**** Material for this task

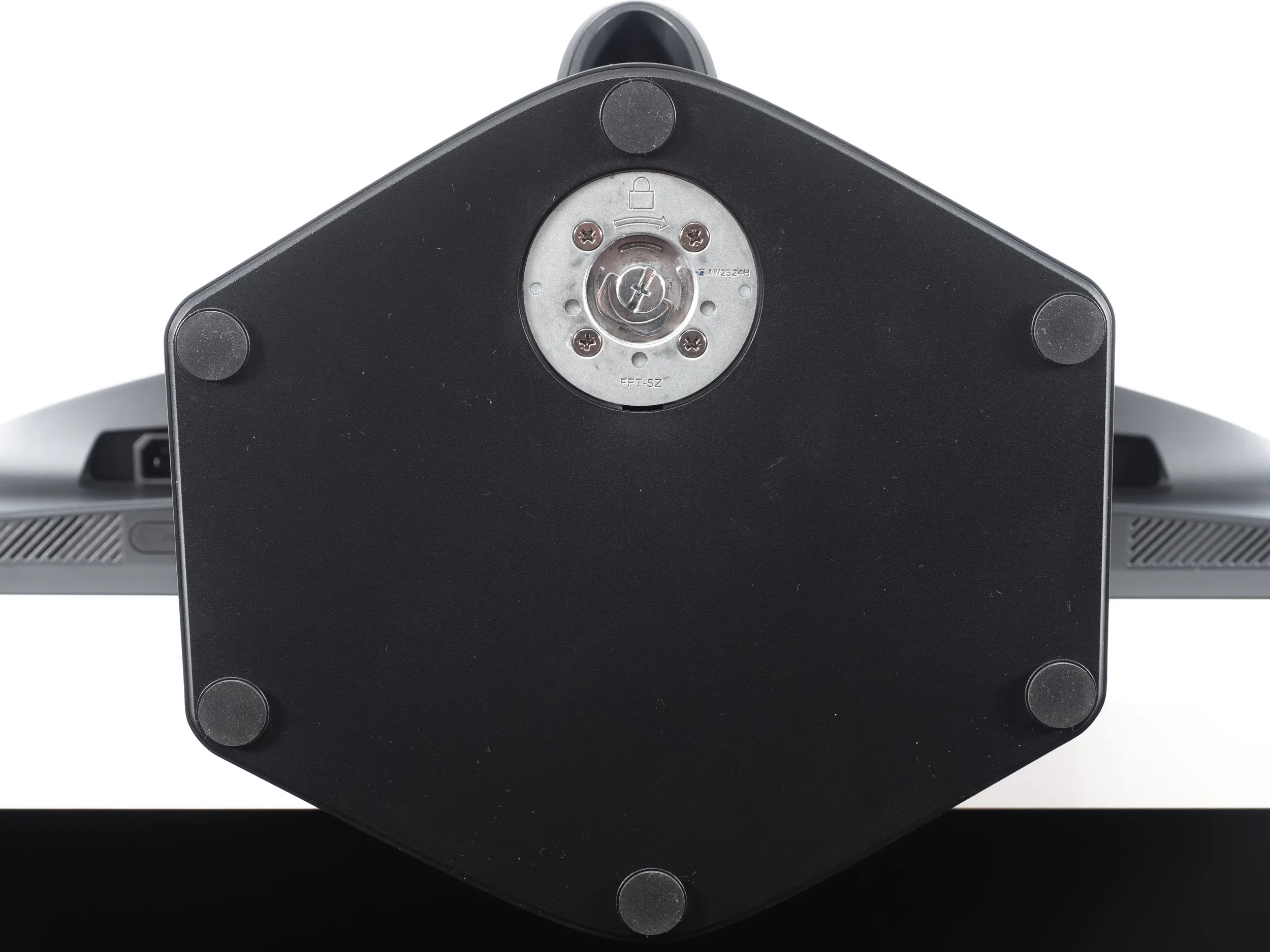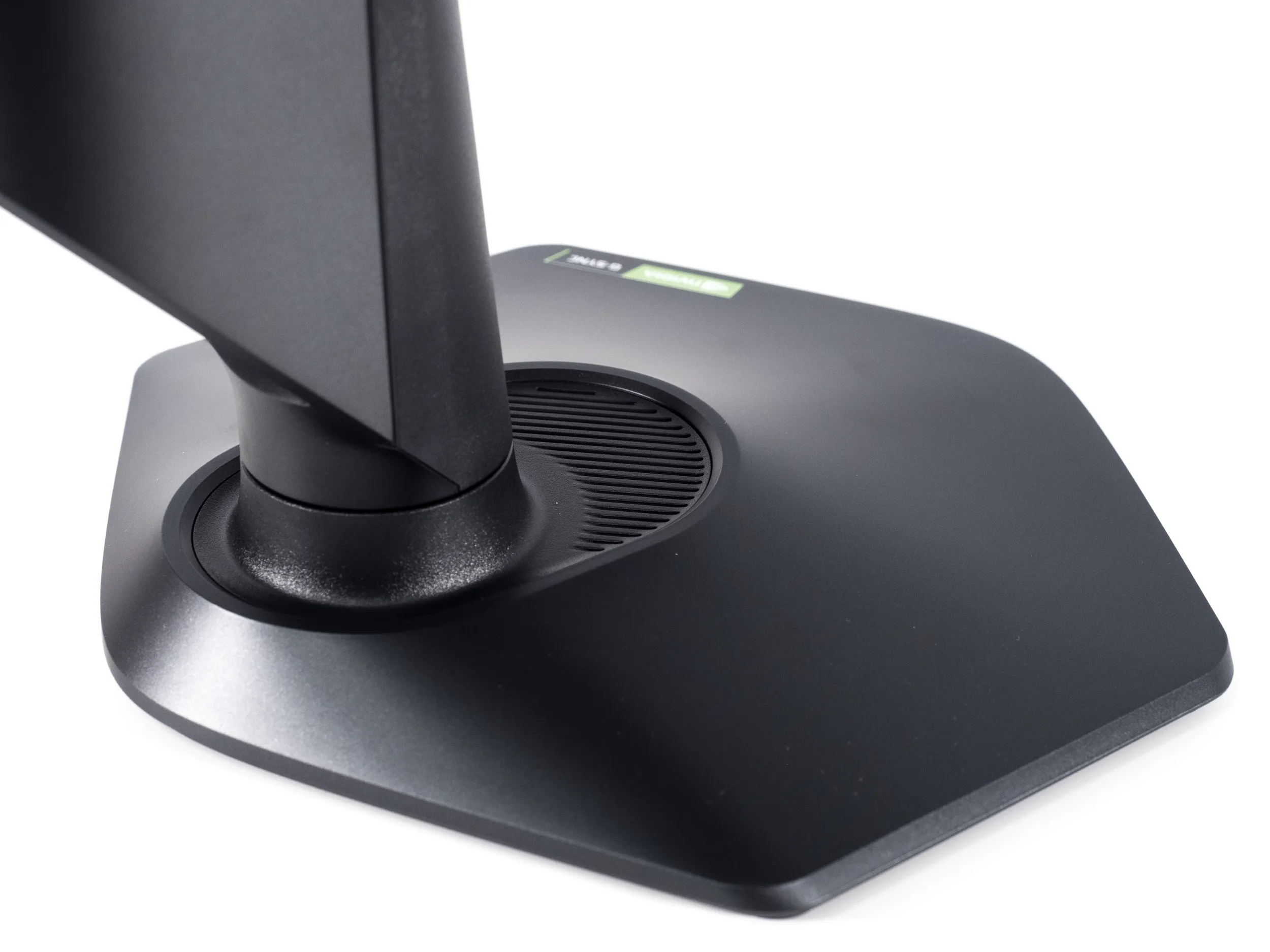 Все крепежные элементы, внутренности подставки и центральной колонны выполнены из металла. Для сцепления с рабочей поверхностью в подставке используется шесть крупных резиновых ножек, которым прекрасно удаётся удерживать монитор в одном положении, в том числе благодаря весу всей конструкции в сборе.
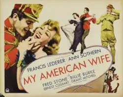 My American Wife is a 1936 American comedy film directed by Harold Young and written by Elmer Davis, Edith Fitzgerald and Virginia Van Upp. The film stars Francis Lederer, Ann Sothern, Fred Stone, Billie Burke, Ernest Cossart and Grant Mitchell. The film was released on August 7, 1936, by Paramount Pictures.[1][2]
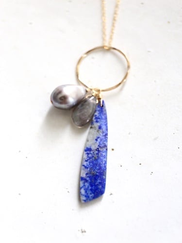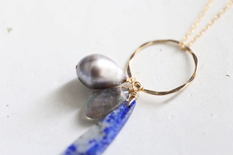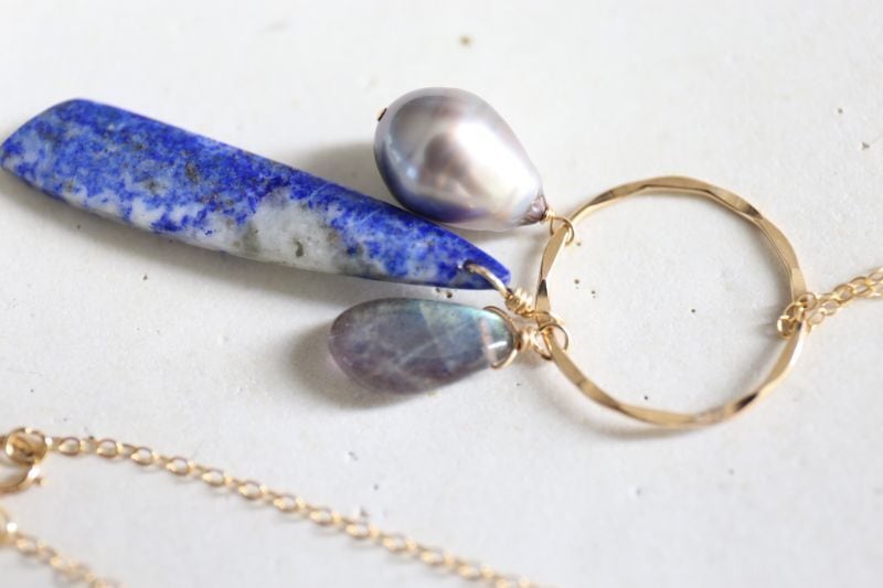 3つの天然石を14kgfのリングにあしらったネックレスです。
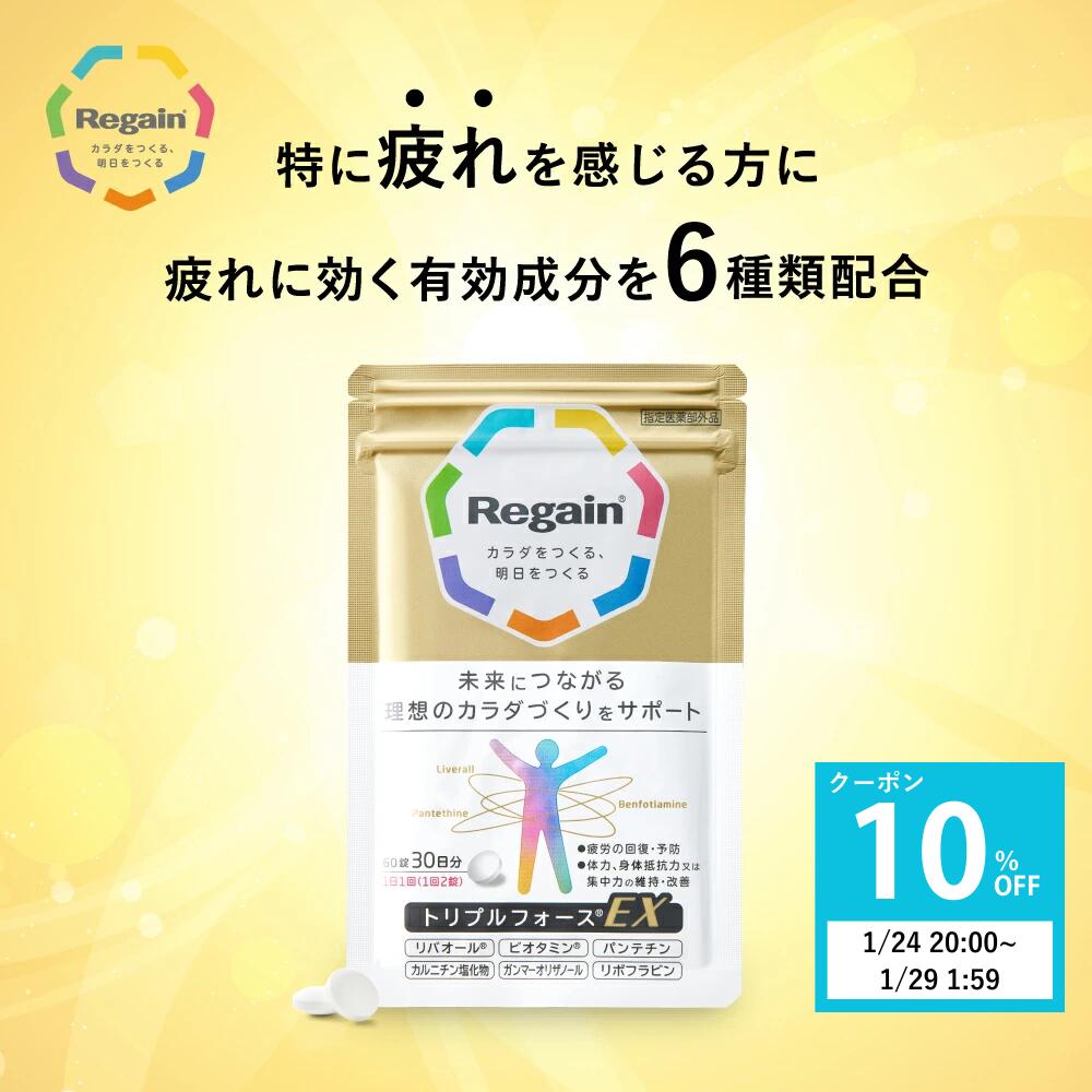 名称リゲイン トリプルフォースEX 成分 [トリプルフォースにも配合]ジクロロ酢酸ジイソプロピルアミン(リバオール)30mg/ベンフォチアミン(ビオタミン:ビタミンB1誘導体)10mg/パンテチン(脱水物として)60mg [新規配合]リボフラビン(ビタミンB2)12mg/カルニチン塩化物50mg/ガンマーオリザノール 10mg 内容量60錠 保存方法直射日光、高温多湿を避けて保存してください。 販売元(メーカー)第一三共ヘルスケアダイレクト株式会社 広告文責第一三共ヘルスケアダイレクト株式会社 原産国日本 商品区分サプリメント・医薬部外品 関連キーワード第一三共ヘルスケア Regain リゲイントリプルフォースEX トリプルフォースEX リゲイントリプルフォース トリプルフォース 糖化 エイジングケア エネルギー代謝 糖代謝 脂質代謝 ATP AGEs対策 疲労予防 疲労改善 疲労回復 睡眠 睡眠不足 寝不足 睡眠障害 眠り ストレス 季節の変わり目 デスクワーク 慢性疲労 蓄積疲労 肉体疲労 中高年疲労 リモートワーク疲れ 働き盛り 主婦 サラリーマン 会社員 集中力 集中力維持 集中力改善 肌荒れ 乾燥 目の疲れ 眼精疲労 目 肩こり 腰痛 首こり 膝痛 滋養強壮 虚弱体質 病中病後 二日酔い 食欲不振 栄養補給 栄養障害 発熱性消耗性疾患 体力維持 健康維持 だるさ だるさ解消 疲れ 飲みやすい 錠剤 1日1回2錠 続けやすい 肝臓 サプリメント 指定医薬部外品 ジクロロ酢酸ジイソプロピルアミン ガンマ?オリザノール ベンチアミン ビタミンB1誘導体 ビタミンB2 ビタミンB6 ニコチン酸アミド パントテン酸カルシウム リバオール ビオタミン パンテチン カルニチン リボフラビン コンドロイチン硫酸エステルナトリウム セルロース ヒドロキシプロピルセルロース ステアリン酸Mg タルク アラビアゴム ゼラチン 白糖 酸化チタン カルナウバロウ カルニチン配合 パンテチン配合 リボフラビン配合 リバオール配合 ビオタミン配合 余分な糖対策 脂質燃焼サポート エネルギーチャージ 父の日 お父さん 父 母の日 お母さん 母 敬老の日 プレゼント ギフト 【リゲイン公式】 疲労回復 トリプルフォースEX [60錠(30日分)]指定医薬部外品 / 日本製 薬用 疲れ 回復 予防 糖 脂肪 脂質 エネルギー代謝 栄養補給 体力維持 集中力 自律神経 第一三共ヘルスケア / ビタミンB2 カルニチン 5,500 ~
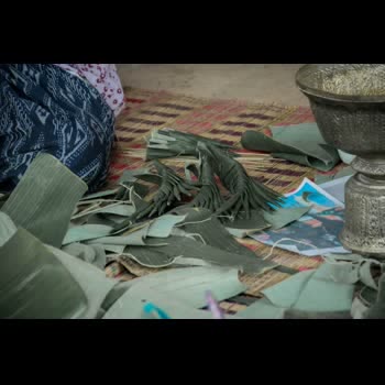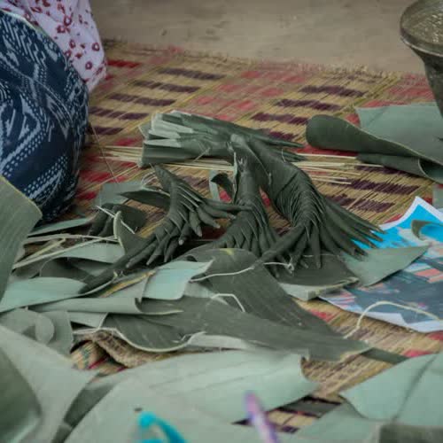 | คำอธิบาย : กลีบใบตองที่เตรียมไว้ประกอบเป็นเครื่องบวงสรวง ในในพิธีวางศิลาฤกษ์ หรือ พิธีวางหลักศิลาเลข (ภาษาพื้นถิ่น) สิมวัดวังไฮ จัดขึ้นเมื่อวันที่ 13 เมษายน 2562 คือพิธีที่ถือเป็นฤกษ์งามยามดีในการเริ่มต้นในการก่อสร้างสิม ซึ่งงานพิธีในครั้งนี้จัดพิธีในรูปแบบพื้นบ้านชาวบ้านวังไฮ อันประกอบไปด้วยการจัดเตรียมเครื่องบวงสรวงสักการะตลอดจนจัดเตรียมสถานที่ ที่สะท้อนถึงภูมิปัญญาในด้านต่างๆ อาทิเช่น ภูมิปัญญาในด้านการทำเครื่องสักการะ ภูมิปัญญาการจักสาน ภูมิปัญญาการถักทอ ภูมิปัญญาในการปั้นปูน ภูมิปัญญาในการทำขนม และการใช้สอยทรัพยากรในท้องถิ่นอื่นๆ อีกมากมาย อันสอดคล้องกับวิถีชีวิตความเป็นอยู่ของผู้คนในชนบทอีสาน |
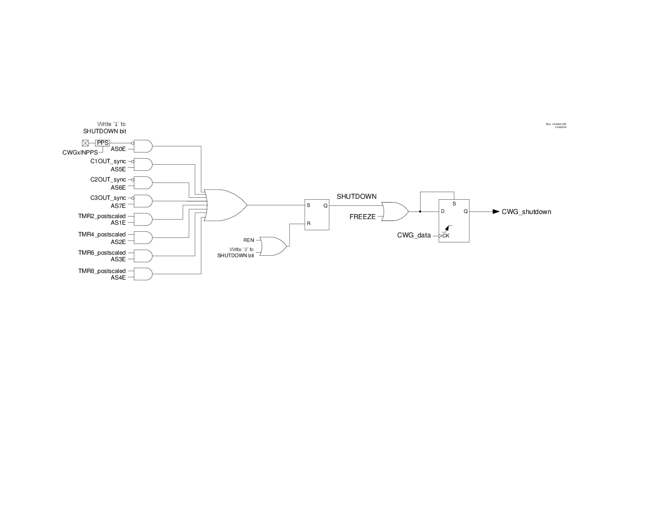 Auto-shutdown is a method to immediately override the CWG output levels with specific overrides that allow for safe shutdown of the circuit. The shutdown state can be either cleared automatically or held until cleared by software. The auto-shutdown circuit is illustrated in the following figure.
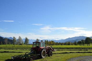 Keywords: tractor agriculture hair dryer alpine sky blue autumn allgäu october

********

Your assignment: Once the line containing "3つの天然石を14kgfのリングにあしらったネックレスです。" is found, write out exactly that line and each line after it through the end of the entries, omitting pictures.

Your solution:
 3つの天然石を14kgfのリングにあしらったネックレスです。
 名称リゲイン トリプルフォースEX 成分 [トリプルフォースにも配合]ジクロロ酢酸ジイソプロピルアミン(リバオール)30mg/ベンフォチアミン(ビオタミン:ビタミンB1誘導体)10mg/パンテチン(脱水物として)60mg [新規配合]リボフラビン(ビタミンB2)12mg/カルニチン塩化物50mg/ガンマーオリザノール 10mg 内容量60錠 保存方法直射日光、高温多湿を避けて保存してください。 販売元(メーカー)第一三共ヘルスケアダイレクト株式会社 広告文責第一三共ヘルスケアダイレクト株式会社 原産国日本 商品区分サプリメント・医薬部外品 関連キーワード第一三共ヘルスケア Regain リゲイントリプルフォースEX トリプルフォースEX リゲイントリプルフォース トリプルフォース 糖化 エイジングケア エネルギー代謝 糖代謝 脂質代謝 ATP AGEs対策 疲労予防 疲労改善 疲労回復 睡眠 睡眠不足 寝不足 睡眠障害 眠り ストレス 季節の変わり目 デスクワーク 慢性疲労 蓄積疲労 肉体疲労 中高年疲労 リモートワーク疲れ 働き盛り 主婦 サラリーマン 会社員 集中力 集中力維持 集中力改善 肌荒れ 乾燥 目の疲れ 眼精疲労 目 肩こり 腰痛 首こり 膝痛 滋養強壮 虚弱体質 病中病後 二日酔い 食欲不振 栄養補給 栄養障害 発熱性消耗性疾患 体力維持 健康維持 だるさ だるさ解消 疲れ 飲みやすい 錠剤 1日1回2錠 続けやすい 肝臓 サプリメント 指定医薬部外品 ジクロロ酢酸ジイソプロピルアミン ガンマ?オリザノール ベンチアミン ビタミンB1誘導体 ビタミンB2 ビタミンB6 ニコチン酸アミド パントテン酸カルシウム リバオール ビオタミン パンテチン カルニチン リボフラビン コンドロイチン硫酸エステルナトリウム セルロース ヒドロキシプロピルセルロース ステアリン酸Mg タルク アラビアゴム ゼラチン 白糖 酸化チタン カルナウバロウ カルニチン配合 パンテチン配合 リボフラビン配合 リバオール配合 ビオタミン配合 余分な糖対策 脂質燃焼サポート エネルギーチャージ 父の日 お父さん 父 母の日 お母さん 母 敬老の日 プレゼント ギフト 【リゲイン公式】 疲労回復 トリプルフォースEX [60錠(30日分)]指定医薬部外品 / 日本製 薬用 疲れ 回復 予防 糖 脂肪 脂質 エネルギー代謝 栄養補給 体力維持 集中力 自律神経 第一三共ヘルスケア / ビタミンB2 カルニチン 5,500 ~
 | คำอธิบาย : กลีบใบตองที่เตรียมไว้ประกอบเป็นเครื่องบวงสรวง ในในพิธีวางศิลาฤกษ์ หรือ พิธีวางหลักศิลาเลข (ภาษาพื้นถิ่น) สิมวัดวังไฮ จัดขึ้นเมื่อวันที่ 13 เมษายน 2562 คือพิธีที่ถือเป็นฤกษ์งามยามดีในการเริ่มต้นในการก่อสร้างสิม ซึ่งงานพิธีในครั้งนี้จัดพิธีในรูปแบบพื้นบ้านชาวบ้านวังไฮ อันประกอบไปด้วยการจัดเตรียมเครื่องบวงสรวงสักการะตลอดจนจัดเตรียมสถานที่ ที่สะท้อนถึงภูมิปัญญาในด้านต่างๆ อาทิเช่น ภูมิปัญญาในด้านการทำเครื่องสักการะ ภูมิปัญญาการจักสาน ภูมิปัญญาการถักทอ ภูมิปัญญาในการปั้นปูน ภูมิปัญญาในการทำขนม และการใช้สอยทรัพยากรในท้องถิ่นอื่นๆ อีกมากมาย อันสอดคล้องกับวิถีชีวิตความเป็นอยู่ของผู้คนในชนบทอีสาน |
 Auto-shutdown is a method to immediately override the CWG output levels with specific overrides that allow for safe shutdown of the circuit. The shutdown state can be either cleared automatically or held until cleared by software. The auto-shutdown circuit is illustrated in the following figure.
 Keywords: tractor agriculture hair dryer alpine sky blue autumn allgäu october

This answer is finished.